Others spoke of Gaddafi's forces bombing mosques and houses.

"When Gaddafi's men hear the NATO planes they hide in houses and mosques. When the planes are gone they destroy them," said Mustafa Suleiman, a 30-year-old computer engineer.

"Even the big supermarket was destroyed. Some of my friends were killed. We have no vegetables, no fruit, only bread. Gaddafi wants to kill Misrata by fighting and starvation," Suleiman said.

Guarded by heavily armed Turkish police special forces, wounded men of all ages lay on mattresses on one of the car decks of the ship, a white car ferry called the Ankara chartered by the Turkish government.

They had wounds in all parts of their bodies, and were being attended by Turkish medics.

Hamen, a Libyan doctor who was accompanying the men, said: "Misrata is terrible. I have seen terrible things. Thirty people killed in one day. These are my patients. I must stay with them but I want to go back."

Turkish Fighter Planes

Turkey's foreign minister ordered the ship into Misrata after it spent four days out at sea waiting in vain for port authorities to give permission to dock, said Ali Akin, head of consular affairs with the Turkish foreign ministry.

It arrived under cover from 10 Turkish air force F-16 fighter planes and two navy frigates, he told Reuters.

He said the ship had to make a hasty departure with the wounded and 100 of their relatives after a large crowd pressed forward on the dockside hoping for passage out of Libya, including 4,000 Egyptians.

"It's a very hard situation. We had to leave early."

The hospital committee in Misrata had told Turkish authorities that 120 needed to leave on the ship but far more were eventually put on board, he said.

"There is no room in the hospital so they treat some and send them back to their homes," said Akin. "This meant it was not easy to collect them."

The ferry docked in the eastern Libyan rebel stronghold of Benghazi on Sunday to pick up more wounded before heading to a port in Turkey.

As the ship arrived and blew its foghorn, several hundred rebel supporters waiting at the dockside burst into chant, crying: "The blood of martyrs is spilled for freedom" and "Muammar Gaddafi: Misrata has real men."

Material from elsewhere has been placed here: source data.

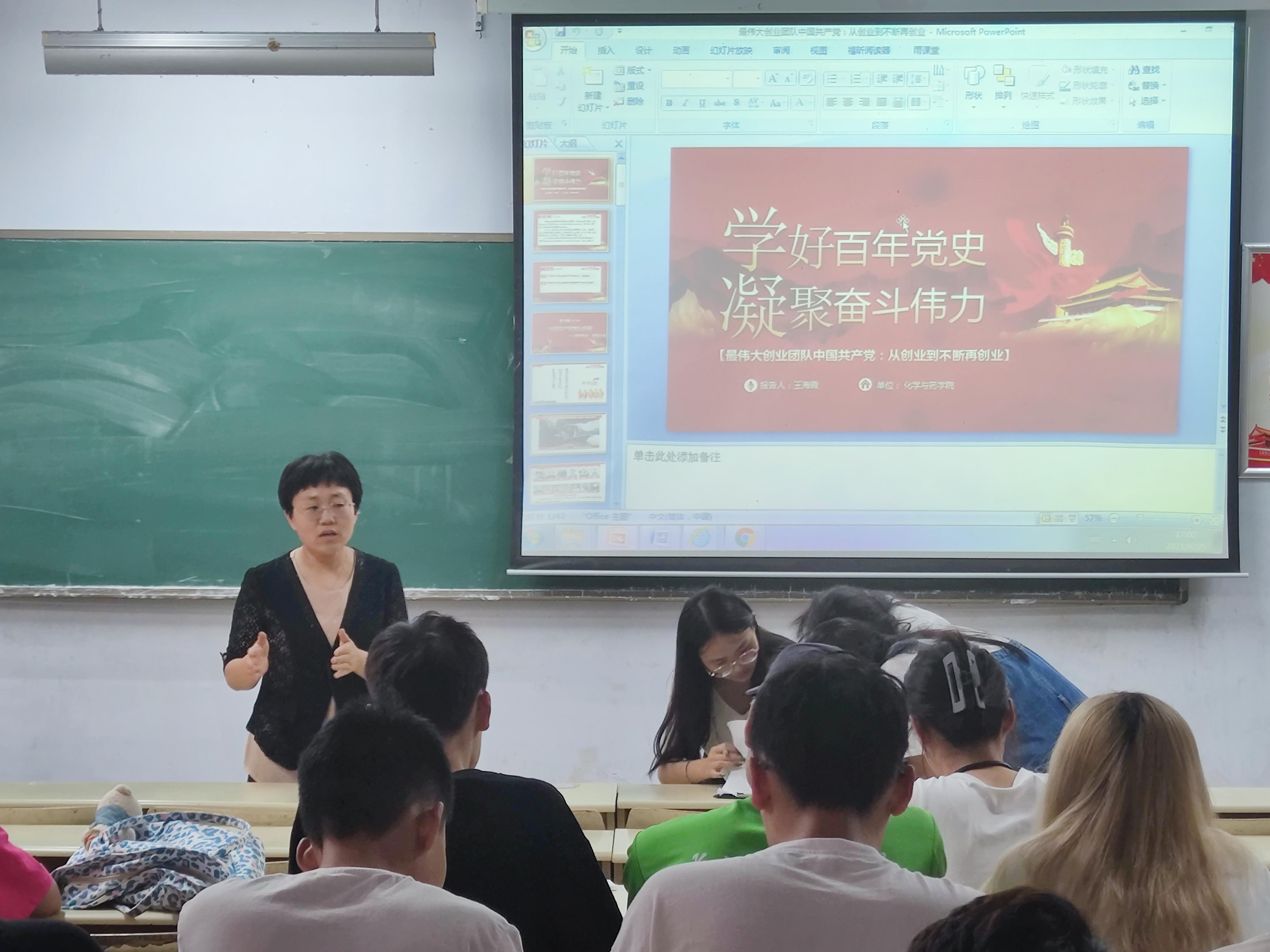 6月25日,太阳成集团tyc234cc于教学区开展党史学习教育主题团课,院团委书记王海霞以“学好百年党史,凝聚奋斗伟力”为主题给与会学生干部呈现了一堂精彩的团课,学院学生干部参加。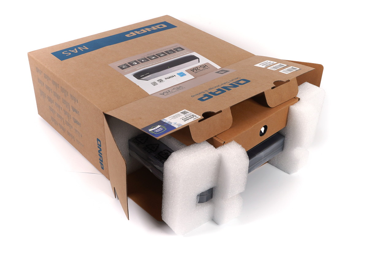 「QNAP HS-264」は黒字で簡単にメーカーロゴが刻印され、製品シールが貼り付けられた茶箱パッケージによって梱包されており、製品本体はスポンジ製スペーサーで保護されていました。付属品は小分けの茶色の段ボール箱に入っています。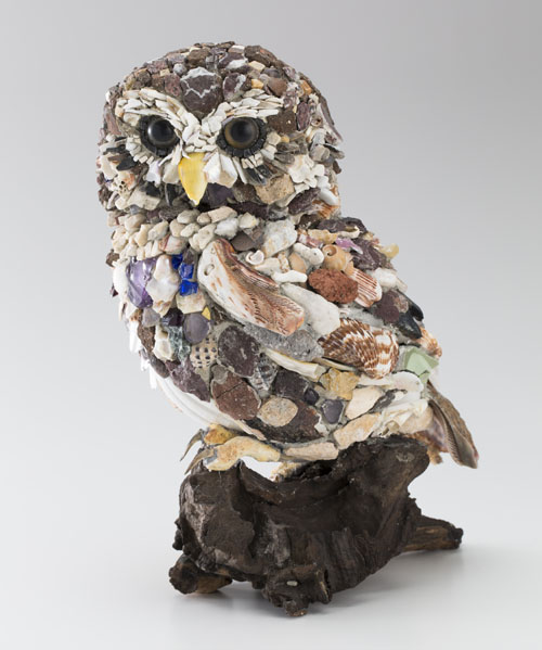 Kayo NISHINOMIYA「Elegance」2015 80.2×85.0×20.0cm, モザイク:石、ガラス、陶器、貝、流木、金属、その他・木製パネル、スタイロフォーム、セメント

Ayman Mohammed, a 25-year old man with a badly burned face who was waiting on the dockside in a wheelchair to be carried onboard, said he was happy to be among the evacuees.

He said he was in his car when he was hit by a bomb in Ras Lanuf, an oil town which has seen fighting between rebel forces and troops loyal to Gaddafi. "I will come back to Benghazi. I want to kill Gaddafi," he said.

Others waited for news from their trapped families.

"My family is in Misrata ... uncles, cousins. I have had no contact," said Tihani Aktal, 30, tears streaming from her eyes.

"We don't know if they are dead or alive."

Akin, who said he was on assignment in Benghazi, added that Misrata port was still under the control of the rebels fighting forces loyal to Gaddafi.